┌──

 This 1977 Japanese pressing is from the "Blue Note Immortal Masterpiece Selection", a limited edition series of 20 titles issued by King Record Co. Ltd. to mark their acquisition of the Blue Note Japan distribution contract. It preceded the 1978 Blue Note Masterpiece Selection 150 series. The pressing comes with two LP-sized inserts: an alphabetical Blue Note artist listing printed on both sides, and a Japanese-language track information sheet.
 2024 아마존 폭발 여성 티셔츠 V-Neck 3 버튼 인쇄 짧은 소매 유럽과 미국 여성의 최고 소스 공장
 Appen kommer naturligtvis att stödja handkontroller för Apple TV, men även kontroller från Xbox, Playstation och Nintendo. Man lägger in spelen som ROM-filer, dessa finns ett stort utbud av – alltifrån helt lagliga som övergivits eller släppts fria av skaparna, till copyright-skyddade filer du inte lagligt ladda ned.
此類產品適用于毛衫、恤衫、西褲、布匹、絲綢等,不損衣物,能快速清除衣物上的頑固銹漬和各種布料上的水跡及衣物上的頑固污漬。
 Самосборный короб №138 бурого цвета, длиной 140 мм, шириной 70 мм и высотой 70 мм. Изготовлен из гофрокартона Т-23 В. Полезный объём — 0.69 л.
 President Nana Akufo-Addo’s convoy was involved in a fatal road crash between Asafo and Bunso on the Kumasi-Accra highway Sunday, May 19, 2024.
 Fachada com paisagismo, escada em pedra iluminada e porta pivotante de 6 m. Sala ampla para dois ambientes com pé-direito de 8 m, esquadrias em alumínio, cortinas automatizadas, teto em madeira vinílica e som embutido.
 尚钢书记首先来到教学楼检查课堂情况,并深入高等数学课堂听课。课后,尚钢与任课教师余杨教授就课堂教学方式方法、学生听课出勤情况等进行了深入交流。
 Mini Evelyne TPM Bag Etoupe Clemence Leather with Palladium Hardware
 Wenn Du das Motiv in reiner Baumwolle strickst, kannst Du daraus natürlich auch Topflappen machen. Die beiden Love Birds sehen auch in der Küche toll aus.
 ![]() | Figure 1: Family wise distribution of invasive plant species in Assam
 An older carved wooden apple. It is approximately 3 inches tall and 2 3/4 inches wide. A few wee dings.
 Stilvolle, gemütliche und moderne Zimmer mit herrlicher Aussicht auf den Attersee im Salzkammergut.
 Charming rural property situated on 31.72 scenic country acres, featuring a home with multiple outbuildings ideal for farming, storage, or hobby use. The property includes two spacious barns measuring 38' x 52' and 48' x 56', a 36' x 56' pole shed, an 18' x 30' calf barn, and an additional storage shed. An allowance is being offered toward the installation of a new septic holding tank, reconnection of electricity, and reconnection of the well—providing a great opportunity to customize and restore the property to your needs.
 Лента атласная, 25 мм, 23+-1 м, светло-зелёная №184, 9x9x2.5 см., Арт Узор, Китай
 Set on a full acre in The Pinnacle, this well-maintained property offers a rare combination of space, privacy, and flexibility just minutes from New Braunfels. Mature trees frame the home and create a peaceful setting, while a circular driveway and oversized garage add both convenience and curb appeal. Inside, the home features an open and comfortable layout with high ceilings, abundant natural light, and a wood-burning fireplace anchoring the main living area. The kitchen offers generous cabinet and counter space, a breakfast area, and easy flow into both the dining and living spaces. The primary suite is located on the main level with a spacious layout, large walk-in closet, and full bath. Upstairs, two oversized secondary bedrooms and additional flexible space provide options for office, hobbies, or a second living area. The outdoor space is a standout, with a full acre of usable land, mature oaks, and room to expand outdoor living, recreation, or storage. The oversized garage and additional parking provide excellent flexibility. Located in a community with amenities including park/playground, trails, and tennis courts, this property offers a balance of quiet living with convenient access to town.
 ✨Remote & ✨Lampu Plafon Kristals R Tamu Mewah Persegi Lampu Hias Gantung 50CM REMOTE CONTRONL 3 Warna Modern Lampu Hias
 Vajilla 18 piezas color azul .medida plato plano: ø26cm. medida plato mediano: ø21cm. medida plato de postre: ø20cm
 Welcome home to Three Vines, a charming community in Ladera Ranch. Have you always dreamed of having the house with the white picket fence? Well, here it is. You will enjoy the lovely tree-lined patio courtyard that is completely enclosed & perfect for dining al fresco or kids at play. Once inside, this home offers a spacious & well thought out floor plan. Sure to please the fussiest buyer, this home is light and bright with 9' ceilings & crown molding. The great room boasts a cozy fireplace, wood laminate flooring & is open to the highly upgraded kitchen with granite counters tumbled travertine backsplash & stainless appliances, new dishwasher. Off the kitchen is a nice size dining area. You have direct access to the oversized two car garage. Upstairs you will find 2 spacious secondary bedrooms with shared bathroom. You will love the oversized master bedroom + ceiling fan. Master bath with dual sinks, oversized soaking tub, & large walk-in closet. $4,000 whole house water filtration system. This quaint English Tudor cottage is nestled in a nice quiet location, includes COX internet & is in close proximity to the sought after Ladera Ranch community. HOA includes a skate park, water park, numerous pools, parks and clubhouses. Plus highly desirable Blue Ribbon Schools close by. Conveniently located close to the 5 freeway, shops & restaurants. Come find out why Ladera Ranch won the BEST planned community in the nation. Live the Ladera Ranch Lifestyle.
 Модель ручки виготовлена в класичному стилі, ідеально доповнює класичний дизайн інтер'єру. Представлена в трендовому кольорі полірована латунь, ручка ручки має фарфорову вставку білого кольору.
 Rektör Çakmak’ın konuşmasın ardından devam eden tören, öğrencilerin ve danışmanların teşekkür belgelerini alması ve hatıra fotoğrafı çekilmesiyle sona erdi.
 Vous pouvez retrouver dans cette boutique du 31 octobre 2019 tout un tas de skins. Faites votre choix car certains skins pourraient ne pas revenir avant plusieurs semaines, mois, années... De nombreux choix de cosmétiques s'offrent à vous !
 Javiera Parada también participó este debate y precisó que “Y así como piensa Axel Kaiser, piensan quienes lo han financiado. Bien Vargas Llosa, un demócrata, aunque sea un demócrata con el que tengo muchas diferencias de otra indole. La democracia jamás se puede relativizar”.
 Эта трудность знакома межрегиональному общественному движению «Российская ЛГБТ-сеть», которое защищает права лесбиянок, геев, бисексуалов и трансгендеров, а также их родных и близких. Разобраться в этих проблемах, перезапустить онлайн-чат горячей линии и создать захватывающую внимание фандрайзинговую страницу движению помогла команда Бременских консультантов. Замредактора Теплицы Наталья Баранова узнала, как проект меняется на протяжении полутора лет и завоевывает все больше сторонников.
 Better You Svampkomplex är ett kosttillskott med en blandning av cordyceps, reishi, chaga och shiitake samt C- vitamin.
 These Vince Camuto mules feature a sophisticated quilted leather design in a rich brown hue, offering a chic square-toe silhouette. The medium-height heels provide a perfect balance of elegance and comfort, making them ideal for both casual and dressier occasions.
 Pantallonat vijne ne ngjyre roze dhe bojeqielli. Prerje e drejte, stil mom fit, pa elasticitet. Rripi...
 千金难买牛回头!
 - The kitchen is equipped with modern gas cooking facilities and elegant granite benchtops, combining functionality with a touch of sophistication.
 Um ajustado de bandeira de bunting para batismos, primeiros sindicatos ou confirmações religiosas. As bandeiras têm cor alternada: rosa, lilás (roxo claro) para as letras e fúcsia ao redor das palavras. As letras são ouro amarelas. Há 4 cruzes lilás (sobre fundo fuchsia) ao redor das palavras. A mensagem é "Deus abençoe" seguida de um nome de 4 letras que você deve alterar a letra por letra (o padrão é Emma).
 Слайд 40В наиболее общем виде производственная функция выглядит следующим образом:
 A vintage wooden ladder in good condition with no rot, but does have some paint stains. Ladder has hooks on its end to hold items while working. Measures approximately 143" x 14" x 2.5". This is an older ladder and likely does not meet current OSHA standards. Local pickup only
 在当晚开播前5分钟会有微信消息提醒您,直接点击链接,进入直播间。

└──

## What you are asked to do
Copy every record exactly.

## Response to the exercise
 This 1977 Japanese pressing is from the "Blue Note Immortal Masterpiece Selection", a limited edition series of 20 titles issued by King Record Co. Ltd. to mark their acquisition of the Blue Note Japan distribution contract. It preceded the 1978 Blue Note Masterpiece Selection 150 series. The pressing comes with two LP-sized inserts: an alphabetical Blue Note artist listing printed on both sides, and a Japanese-language track information sheet.
 2024 아마존 폭발 여성 티셔츠 V-Neck 3 버튼 인쇄 짧은 소매 유럽과 미국 여성의 최고 소스 공장
 Appen kommer naturligtvis att stödja handkontroller för Apple TV, men även kontroller från Xbox, Playstation och Nintendo. Man lägger in spelen som ROM-filer, dessa finns ett stort utbud av – alltifrån helt lagliga som övergivits eller släppts fria av skaparna, till copyright-skyddade filer du inte lagligt ladda ned.
此類產品適用于毛衫、恤衫、西褲、布匹、絲綢等,不損衣物,能快速清除衣物上的頑固銹漬和各種布料上的水跡及衣物上的頑固污漬。
 Самосборный короб №138 бурого цвета, длиной 140 мм, шириной 70 мм и высотой 70 мм. Изготовлен из гофрокартона Т-23 В. Полезный объём — 0.69 л.
 President Nana Akufo-Addo’s convoy was involved in a fatal road crash between Asafo and Bunso on the Kumasi-Accra highway Sunday, May 19, 2024.
 Fachada com paisagismo, escada em pedra iluminada e porta pivotante de 6 m. Sala ampla para dois ambientes com pé-direito de 8 m, esquadrias em alumínio, cortinas automatizadas, teto em madeira vinílica e som embutido.
 尚钢书记首先来到教学楼检查课堂情况,并深入高等数学课堂听课。课后,尚钢与任课教师余杨教授就课堂教学方式方法、学生听课出勤情况等进行了深入交流。
 Mini Evelyne TPM Bag Etoupe Clemence Leather with Palladium Hardware
 Wenn Du das Motiv in reiner Baumwolle strickst, kannst Du daraus natürlich auch Topflappen machen. Die beiden Love Birds sehen auch in der Küche toll aus.
 ![]() | Figure 1: Family wise distribution of invasive plant species in Assam
 An older carved wooden apple. It is approximately 3 inches tall and 2 3/4 inches wide. A few wee dings.
 Stilvolle, gemütliche und moderne Zimmer mit herrlicher Aussicht auf den Attersee im Salzkammergut.
 Charming rural property situated on 31.72 scenic country acres, featuring a home with multiple outbuildings ideal for farming, storage, or hobby use. The property includes two spacious barns measuring 38' x 52' and 48' x 56', a 36' x 56' pole shed, an 18' x 30' calf barn, and an additional storage shed. An allowance is being offered toward the installation of a new septic holding tank, reconnection of electricity, and reconnection of the well—providing a great opportunity to customize and restore the property to your needs.
 Лента атласная, 25 мм, 23+-1 м, светло-зелёная №184, 9x9x2.5 см., Арт Узор, Китай
 Set on a full acre in The Pinnacle, this well-maintained property offers a rare combination of space, privacy, and flexibility just minutes from New Braunfels. Mature trees frame the home and create a peaceful setting, while a circular driveway and oversized garage add both convenience and curb appeal. Inside, the home features an open and comfortable layout with high ceilings, abundant natural light, and a wood-burning fireplace anchoring the main living area. The kitchen offers generous cabinet and counter space, a breakfast area, and easy flow into both the dining and living spaces. The primary suite is located on the main level with a spacious layout, large walk-in closet, and full bath. Upstairs, two oversized secondary bedrooms and additional flexible space provide options for office, hobbies, or a second living area. The outdoor space is a standout, with a full acre of usable land, mature oaks, and room to expand outdoor living, recreation, or storage. The oversized garage and additional parking provide excellent flexibility. Located in a community with amenities including park/playground, trails, and tennis courts, this property offers a balance of quiet living with convenient access to town.
 ✨Remote & ✨Lampu Plafon Kristals R Tamu Mewah Persegi Lampu Hias Gantung 50CM REMOTE CONTRONL 3 Warna Modern Lampu Hias
 Vajilla 18 piezas color azul .medida plato plano: ø26cm. medida plato mediano: ø21cm. medida plato de postre: ø20cm
 Welcome home to Three Vines, a charming community in Ladera Ranch. Have you always dreamed of having the house with the white picket fence? Well, here it is. You will enjoy the lovely tree-lined patio courtyard that is completely enclosed & perfect for dining al fresco or kids at play. Once inside, this home offers a spacious & well thought out floor plan. Sure to please the fussiest buyer, this home is light and bright with 9' ceilings & crown molding. The great room boasts a cozy fireplace, wood laminate flooring & is open to the highly upgraded kitchen with granite counters tumbled travertine backsplash & stainless appliances, new dishwasher. Off the kitchen is a nice size dining area. You have direct access to the oversized two car garage. Upstairs you will find 2 spacious secondary bedrooms with shared bathroom. You will love the oversized master bedroom + ceiling fan. Master bath with dual sinks, oversized soaking tub, & large walk-in closet. $4,000 whole house water filtration system. This quaint English Tudor cottage is nestled in a nice quiet location, includes COX internet & is in close proximity to the sought after Ladera Ranch community. HOA includes a skate park, water park, numerous pools, parks and clubhouses. Plus highly desirable Blue Ribbon Schools close by. Conveniently located close to the 5 freeway, shops & restaurants. Come find out why Ladera Ranch won the BEST planned community in the nation. Live the Ladera Ranch Lifestyle.
 Модель ручки виготовлена в класичному стилі, ідеально доповнює класичний дизайн інтер'єру. Представлена в трендовому кольорі полірована латунь, ручка ручки має фарфорову вставку білого кольору.
 Rektör Çakmak’ın konuşmasın ardından devam eden tören, öğrencilerin ve danışmanların teşekkür belgelerini alması ve hatıra fotoğrafı çekilmesiyle sona erdi.
 Vous pouvez retrouver dans cette boutique du 31 octobre 2019 tout un tas de skins. Faites votre choix car certains skins pourraient ne pas revenir avant plusieurs semaines, mois, années... De nombreux choix de cosmétiques s'offrent à vous !
 Javiera Parada también participó este debate y precisó que “Y así como piensa Axel Kaiser, piensan quienes lo han financiado. Bien Vargas Llosa, un demócrata, aunque sea un demócrata con el que tengo muchas diferencias de otra indole. La democracia jamás se puede relativizar”.
 Эта трудность знакома межрегиональному общественному движению «Российская ЛГБТ-сеть», которое защищает права лесбиянок, геев, бисексуалов и трансгендеров, а также их родных и близких. Разобраться в этих проблемах, перезапустить онлайн-чат горячей линии и создать захватывающую внимание фандрайзинговую страницу движению помогла команда Бременских консультантов. Замредактора Теплицы Наталья Баранова узнала, как проект меняется на протяжении полутора лет и завоевывает все больше сторонников.
 Better You Svampkomplex är ett kosttillskott med en blandning av cordyceps, reishi, chaga och shiitake samt C- vitamin.
 These Vince Camuto mules feature a sophisticated quilted leather design in a rich brown hue, offering a chic square-toe silhouette. The medium-height heels provide a perfect balance of elegance and comfort, making them ideal for both casual and dressier occasions.
 Pantallonat vijne ne ngjyre roze dhe bojeqielli. Prerje e drejte, stil mom fit, pa elasticitet. Rripi...
 千金难买牛回头!
 - The kitchen is equipped with modern gas cooking facilities and elegant granite benchtops, combining functionality with a touch of sophistication.
 Um ajustado de bandeira de bunting para batismos, primeiros sindicatos ou confirmações religiosas. As bandeiras têm cor alternada: rosa, lilás (roxo claro) para as letras e fúcsia ao redor das palavras. As letras são ouro amarelas. Há 4 cruzes lilás (sobre fundo fuchsia) ao redor das palavras. A mensagem é "Deus abençoe" seguida de um nome de 4 letras que você deve alterar a letra por letra (o padrão é Emma).
 Слайд 40В наиболее общем виде производственная функция выглядит следующим образом:
 A vintage wooden ladder in good condition with no rot, but does have some paint stains. Ladder has hooks on its end to hold items while working. Measures approximately 143" x 14" x 2.5". This is an older ladder and likely does not meet current OSHA standards. Local pickup only
 在当晚开播前5分钟会有微信消息提醒您,直接点击链接,进入直播间。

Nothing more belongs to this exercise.